Stateful ETL orchestration with NATS JetStream for event-driven pipelines.

Pipeline DAG

Define multi-stage pipelines with per-stage retry policies and checkpoint-based resumption:

flowchart LR
    subgraph Pipeline
        E["extract<br/><small>retries: 3</small>"] --> T["transform<br/><small>retries: 3</small>"]
        T --> L["load<br/><small>retries: 3</small>"]
    end

    E -.->|checkpoint| KV[("NATS KV<br/><small>etl-checkpoints</small>")]
    T -.->|checkpoint| KV
    L -.->|clear| KV

    L --> OK["Result"]

    style OK fill:#d4edda,stroke:#28a745

Each stage saves a checkpoint after success. If the pipeline fails and is re-run with the same pipeline_id, it resumes from the last checkpoint.

import asyncio
from rahcp_etl.pipeline import Pipeline
from rahcp_etl.checkpointing import CheckpointStore
import nats

async def main():
    nc = await nats.connect("nats://localhost:4222")
    store = await CheckpointStore.create(nc)
    pipeline = Pipeline(checkpoint_store=store)

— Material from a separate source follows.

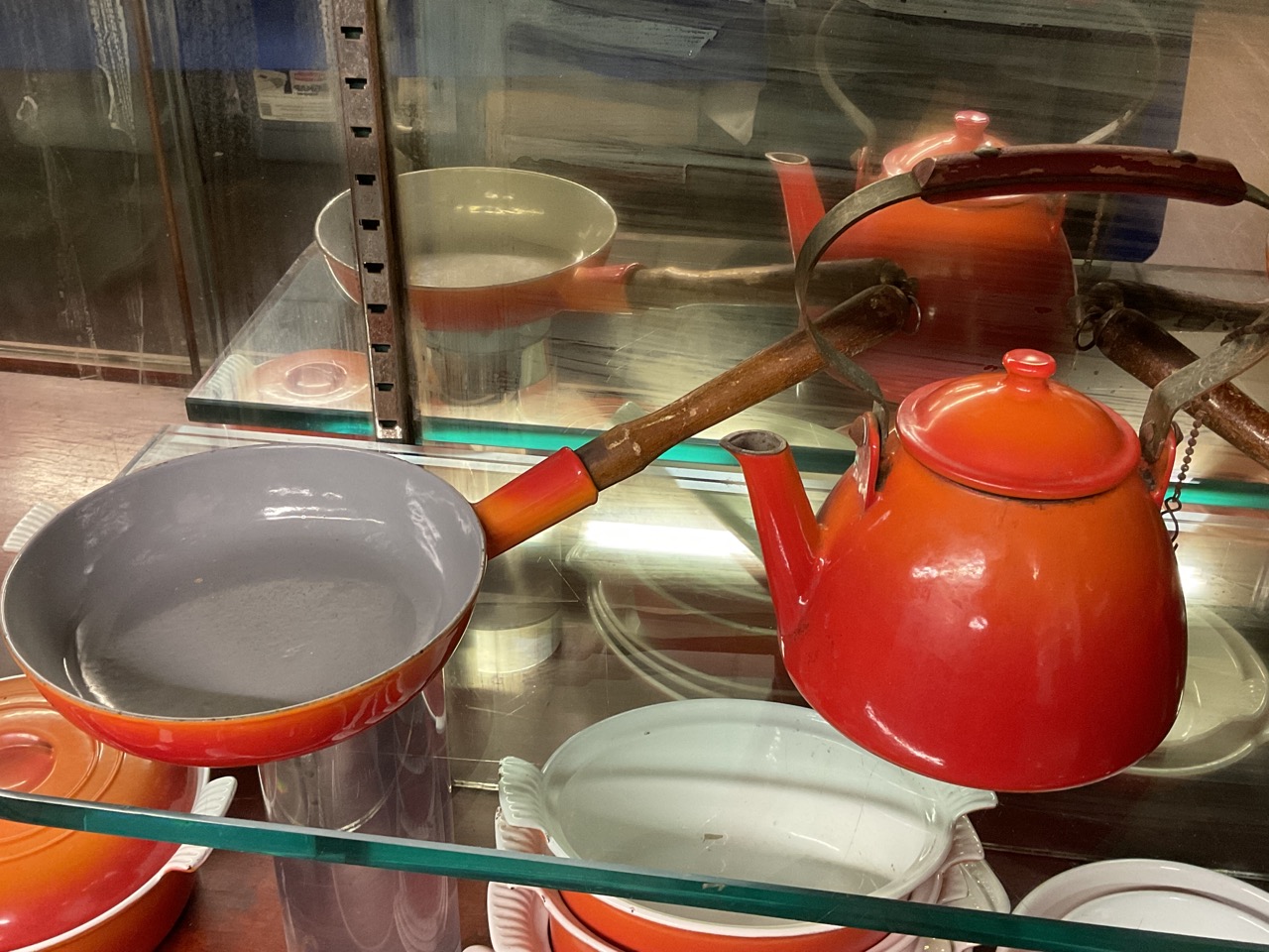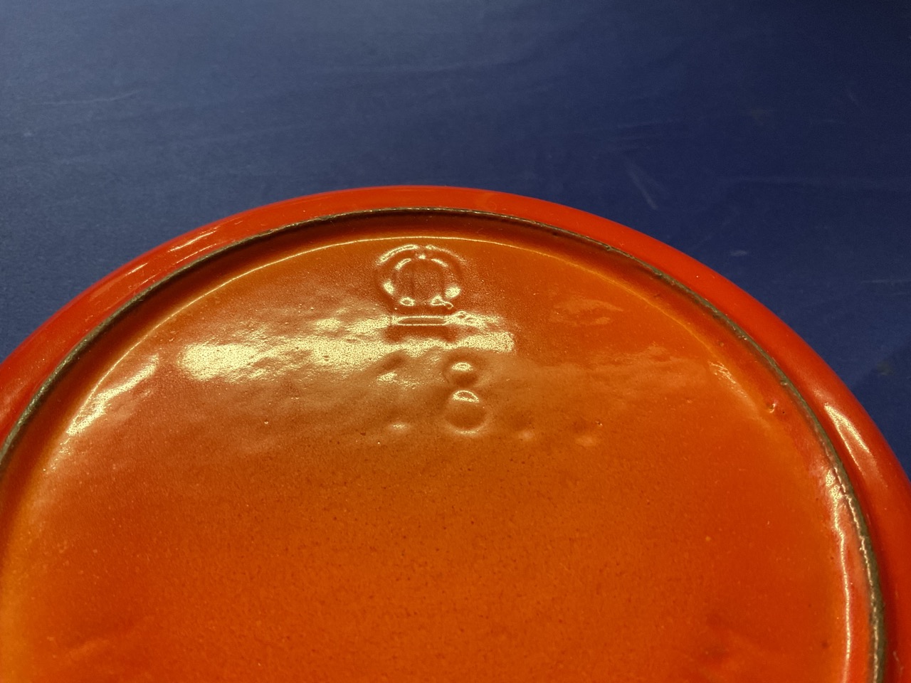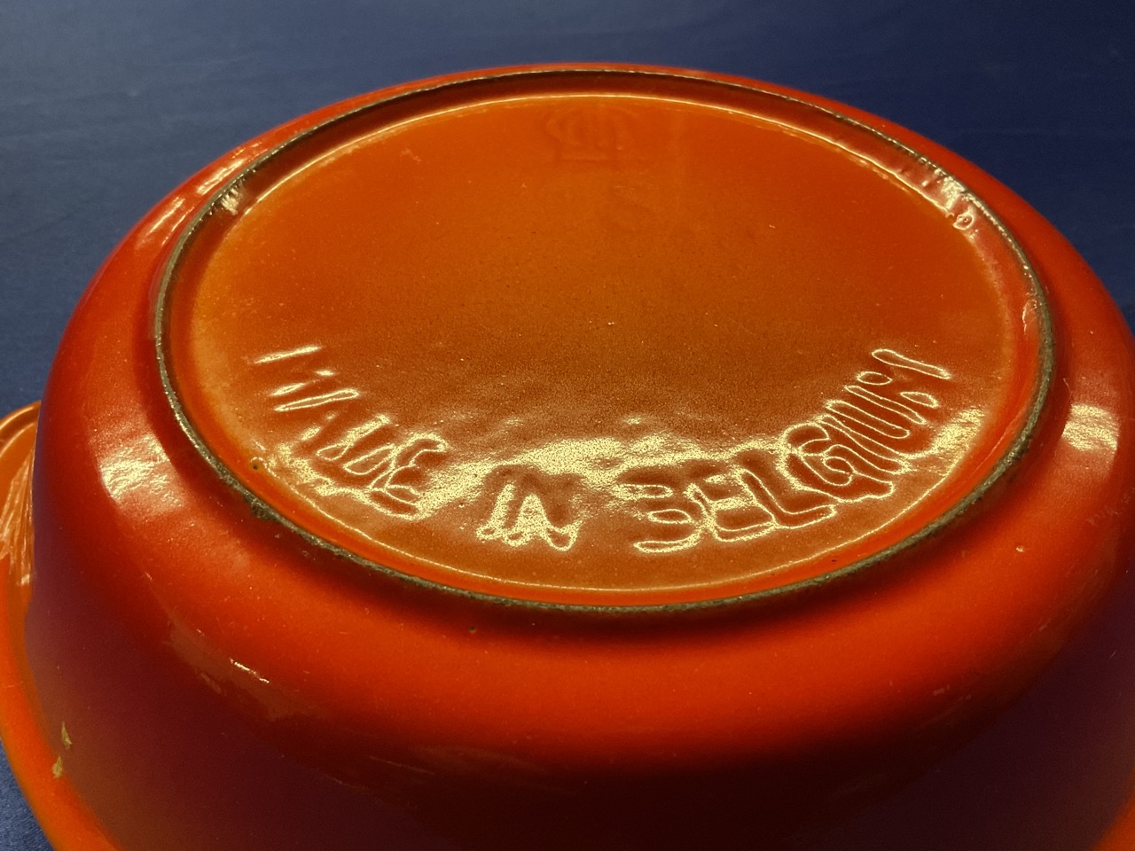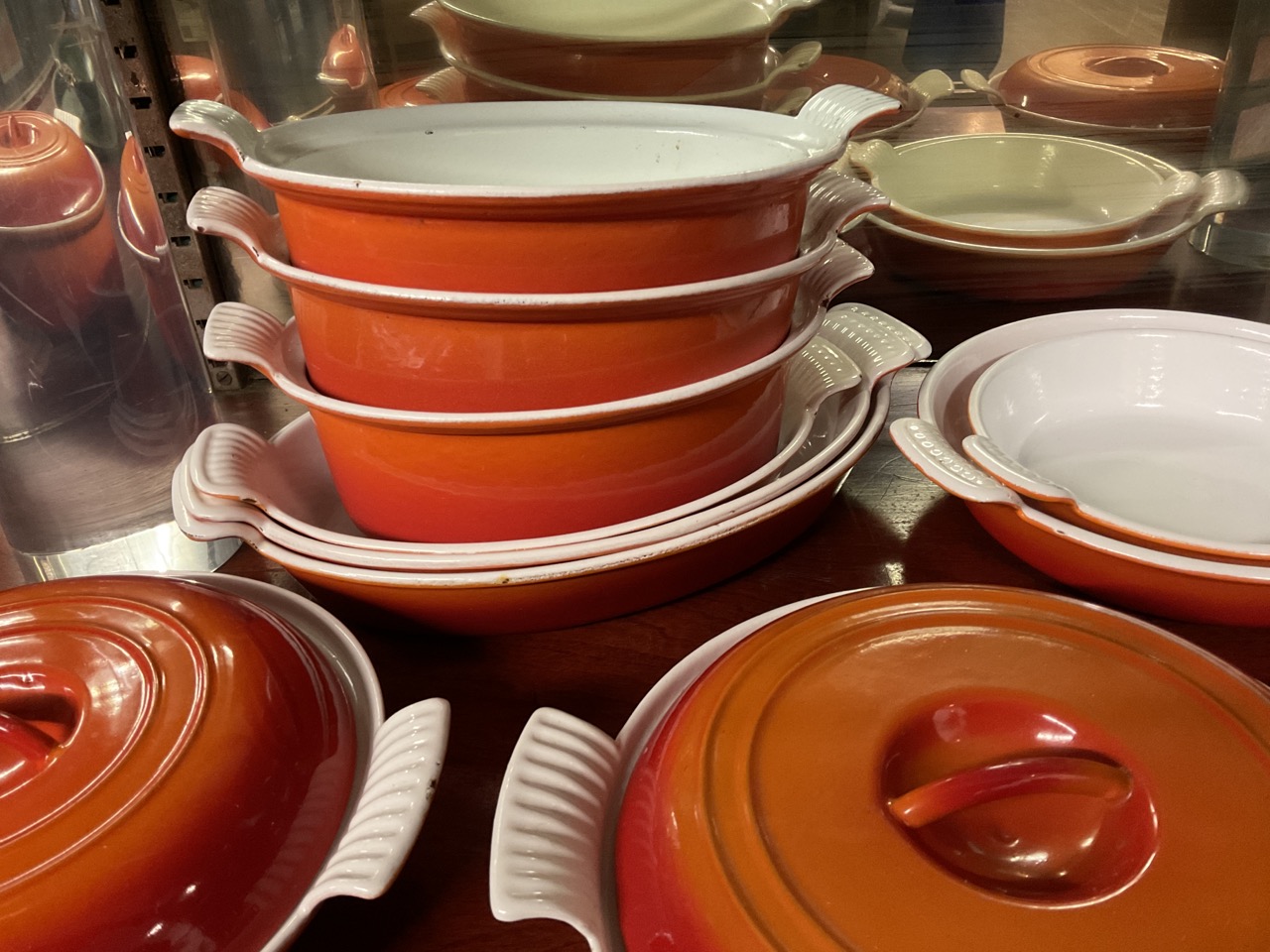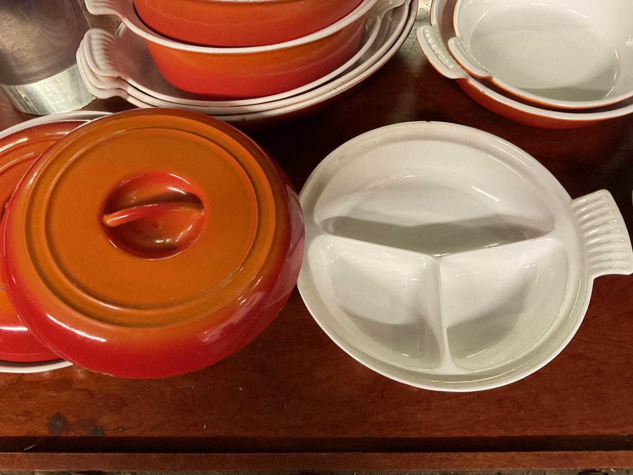 Belgium cookware lot 16 pieces. Cast iron enamel in orange. Overall good condition.

    @pipeline.stage("extract", retries=3, backoff=2.0)
    async def extract(payload):
        # Download source data
        return {"records": ["a", "b", "c"]}

    @pipeline.stage("transform")
    async def transform(payload):
        # Process records
        return {"transformed": [r.upper() for r in payload["records"]]}

    @pipeline.stage("load")
    async def load(payload):
        # Write results
        return {"loaded": len(payload["transformed"])}

    result = await pipeline.run(
        {"source": "s3://bucket/input"},
        pipeline_id="batch-2025-03-18",  # enables checkpoint resume
    )
    print(result)

asyncio.run(main())

Stage dataclass (name, handler, retries=3, backoff=2.0):

  • Stages execute sequentially; each receives the output of the previous stage
  • Failed stages retry with exponential backoff (delay * backoff^attempt)
  • After each successful stage, a checkpoint is saved to NATS KV
  • If a pipeline fails and is re-run with the same pipeline_id, it resumes from the last checkpoint
  • Checkpoints are cleared on successful completion

JetStream consumer

Durable message consumer for event-driven processing:

from rahcp_etl.consumer import ETLConsumer

consumer = ETLConsumer(
    nats_url="nats://localhost:4222",
    stream="INGEST",
    subject="ingest.images.>",
    durable="image-processor",
    max_deliver=5,
    ack_wait=30.0,
)

async def handle(payload: bytes):
    data = json.loads(payload)
    # Process message...
    return {"status": "ok"}

await consumer.start(handle)

Dead letter queue

Route permanently-failed messages for inspection and replay:

from rahcp_etl.dlq import DeadLetterHandler

dlq = await DeadLetterHandler.create(nc)

# Send failed message to DLQ
await dlq.send("ingest.images.batch-1", payload, error="corrupt TIFF")

# Replay all DLQ messages back to original subjects
count = await dlq.replay()

# Purge old messages
count = await dlq.purge(older_than=timedelta(days=7))